January 12th, 2022
The DOL recently released guidance articulating its temporary enforcement policy for group and individual health plan service provider disclosures under ERISA, as required under Section 202 of Title II of Division BB of the Consolidated Appropriations Act (CAA). At a high level, these disclosure requirements require persons, who provide “brokerage services” or “consulting” to ERISA-covered group health plans and reasonably expect to receive at least $1,000 in direct or indirect compensation, to disclose specific information related to direct and indirect compensation received in connection with their services. These disclosure requirements are effective for contracts entered into, extended, or renewed on or after Dec. 27, 2021. [1]See 29 CFR § 2550.408b-2(c); 77 FR 5632 (Feb. 3, 2012), Reasonable Contract or Arrangement Under Section 408(b)(2)—Fee Disclosure (Final … Continue reading
Covered service providers, who fail to comply with these disclosure requirements can be subject to civil penalties under ERISA, as well as face termination of their contract for services with the plan. Thus, all covered service providers must ensure they have plan of action. Below we have included a summary of the latest guidance, as well as some best practice tips for implementing these new requirements:
- Good Faith Relief. As long as covered service providers and plan fiduciaries implement these disclosure requirements using a good faith, reasonable interpretation of the law, the DOL will not treat them as failing to comply. While the DOL has no current plans to issue new regulations, it pointed to its regulations addressing similar ERISA disclosure requirements for pension plans as useful when analyzing how the new disclosure requirements apply to group health plans. [2] See 29 U.S.C. § 1108(b)(2)(B)(ii)(I)(bb), https://uscode.house.gov/view.xhtml?req=granuleid:USC-prelim-title29-section1108&num=0&edition=prelim.
- Application to Covered Plans. The disclosure requirements apply to self-insured and fully insured group health plans subject to ERISA, including both large and small group health plans. The disclosure requirements also apply to grandfathered health plans and plans providing only excepted benefits (e.g., limited scope dental or vision plans).
- Good Faith Interpretation of Covered Service Providers. The DOL declined to further define when persons provide “brokerage services” or “consulting services” such that they are subject to the disclosure requirements. Instead, the DOL advised parties to use a reasonable, good faith approach when determining their status as a covered service provider keeping in mind the goal of enhancing fee transparency. Any service providers who reasonably expect to receive indirect compensation from third parties in connection with advice, recommendations, or referrals regarding any of the listed sub-services outlined in statute should be prepared to comply or explain how they made a good faith, reasonable conclusion that they are not covered service providers.
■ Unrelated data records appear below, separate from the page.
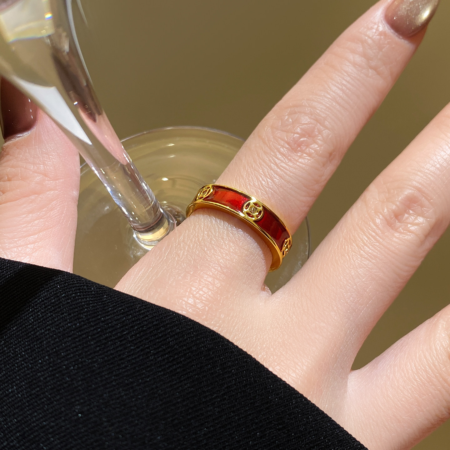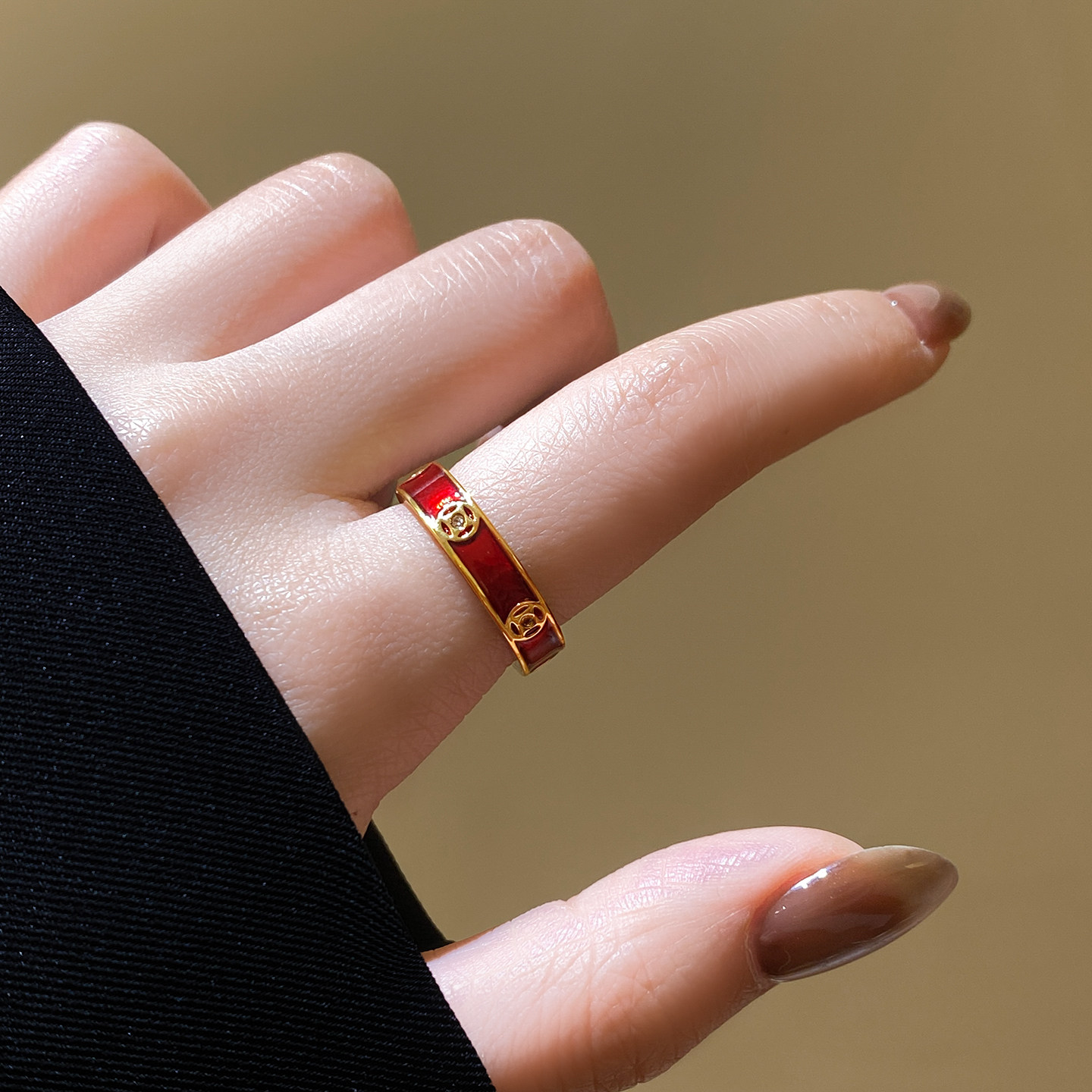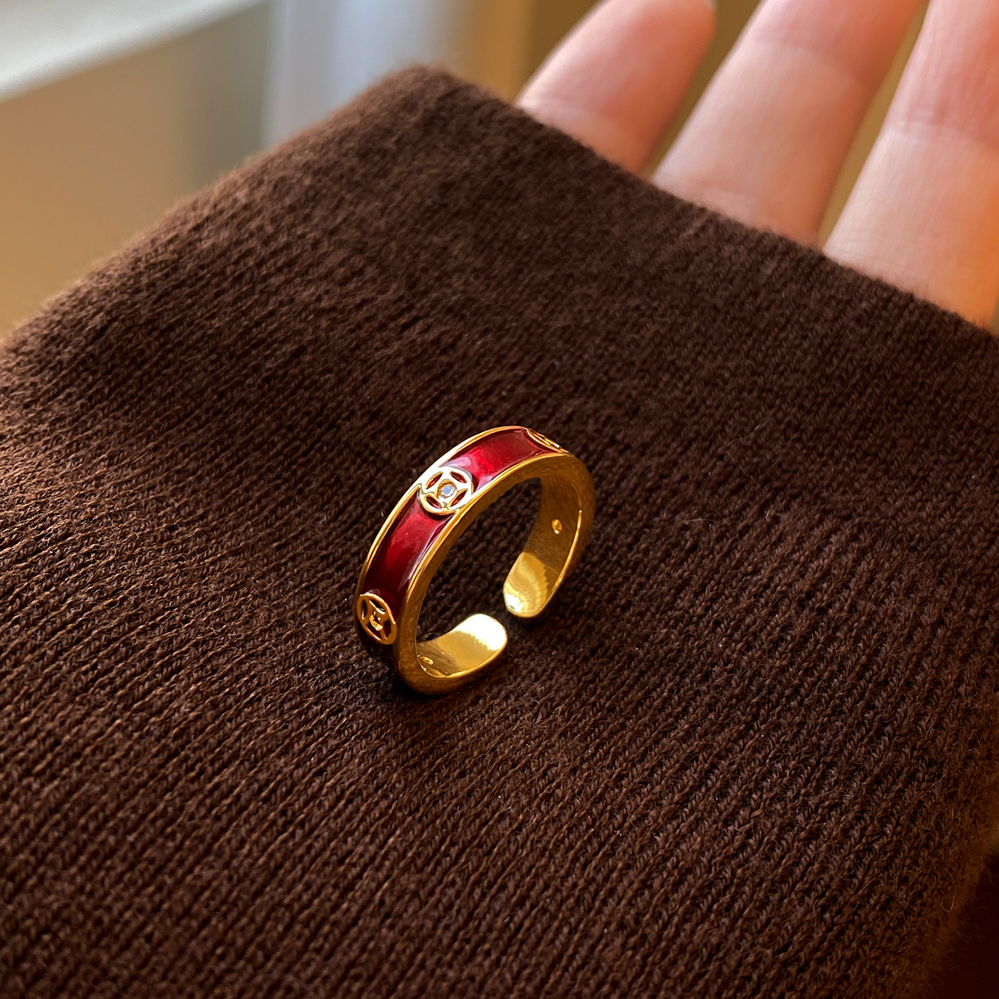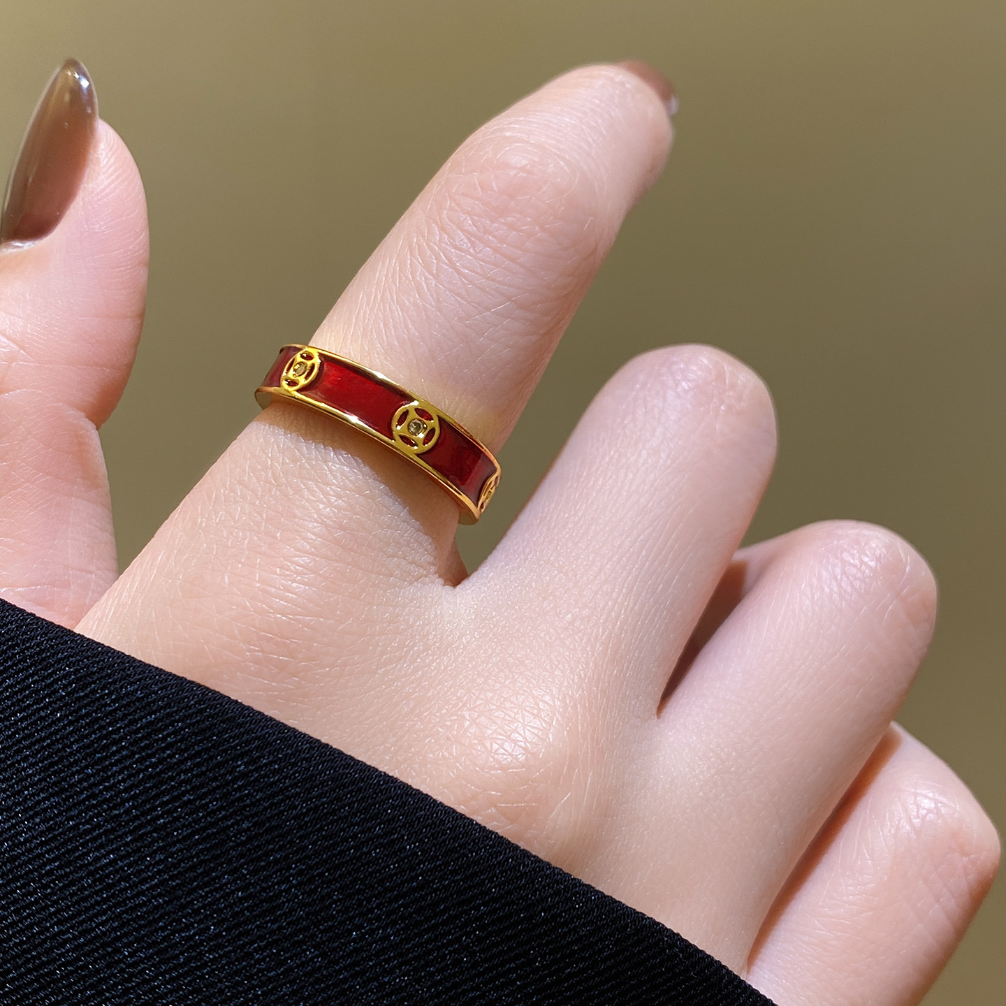红色晕染金色钱币开口戒指女轻奢高级感闺蜜食指指环2026新款爆款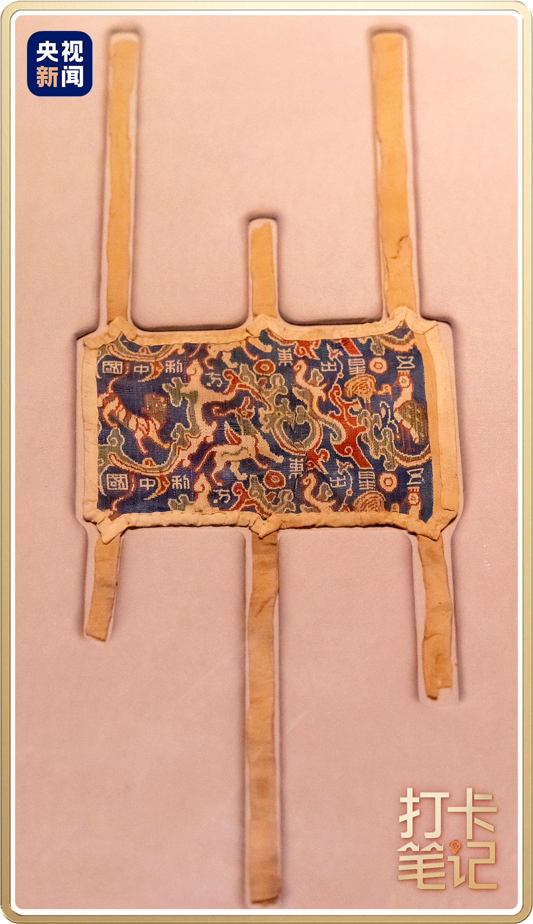在新疆维吾尔自治区博物馆有一件不可不看的镇馆之宝——五星出东方利中国锦护膊,锦护膊上有新疆地区发现最早的“中国”二字。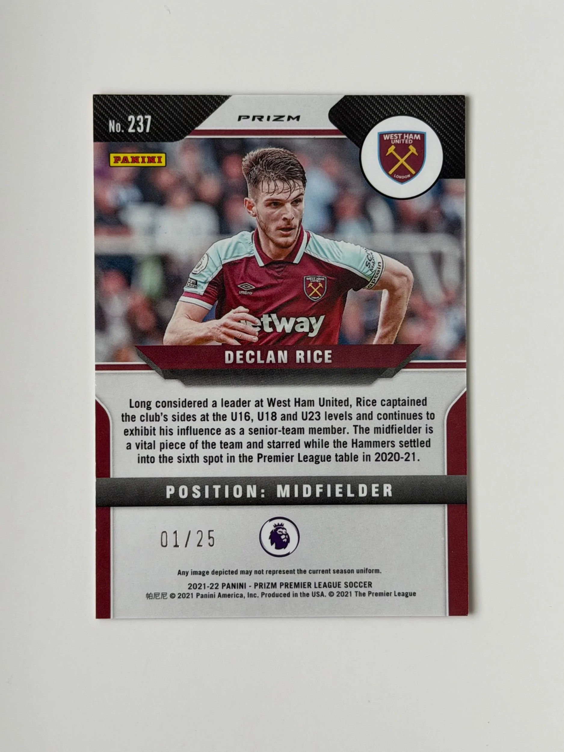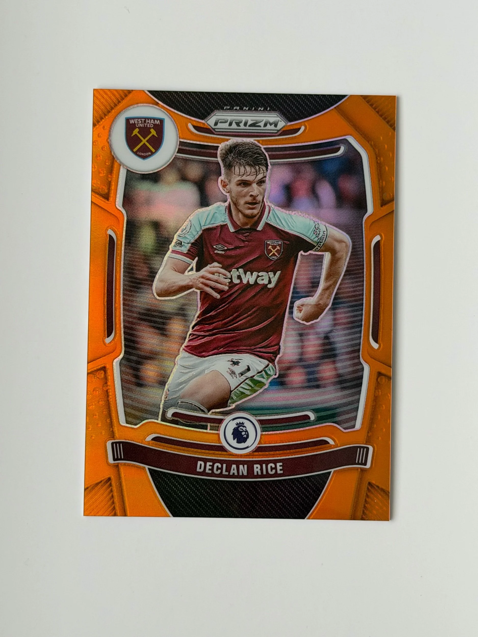 A low serial numbered Orange Prizm of Declan Rice (/25), featuring a vibrant finish with strong colour and detail. Bookend copy, marking the first card in the print run - a nice addition to any collection.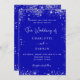 Un fondo azul real, decorado con purpurinas falsos de plata, chispas. Personalice y agregue sus nombres y detalles. Atrás: un código qr. Agregue la URL de su sitio web boda para obtener detalles del boda y RSVP.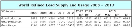 國(guó)際鉛鋅研究小組(ILZSG)本月公布的最新月報(bào)顯示,1-7月全球精煉鉛供應(yīng)短缺41,000噸,而上年同期為供應(yīng)過(guò)剩84,000噸。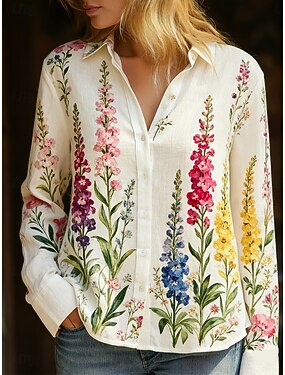 Per donna Camicia Abbottonare Blusa Finto cotone e lino Stampato Fiore Casual Manica Lunga Colletto a Camicia Top Regolari Quotidiano Ferie Uscire Blu Nero Bianco Cachi Grigio Estate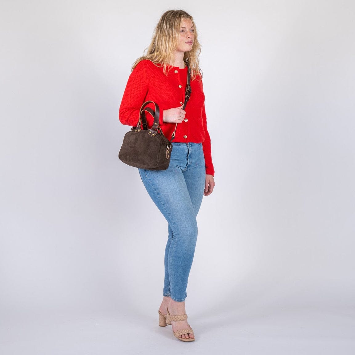 HOFFMAN LEATHER CROSSBODY BAG - MINI - CHOCOLATE SUEDE

- Disclosures of Unknown Compensation Amounts. The DOL will not provide a model form for meeting the disclosure requirements given the diverse services and multitude of compensation structures in the group health marketplace. While anticipated compensation can be expressed as a monetary amount, formula, per capita charge, or other reasonable method[3]See 29 U.S.C. § 1108(b)(2)(B)(ii)(II), https://uscode.house.gov/view.xhtml?req=granuleid:USC-prelim-title29-section1108&num=0&edition=prelim. , the DOL guidance also provides that disclosures of compensation in ranges may be reasonable in circumstances when the occurrence of future events or other features of the service arrangement could result in the service provider’s compensation varying within a projected range. However, all compensation disclosures should provide the responsible plan fiduciary with sufficient information to evaluate the reasonableness of the compensation and any conflicts of interest.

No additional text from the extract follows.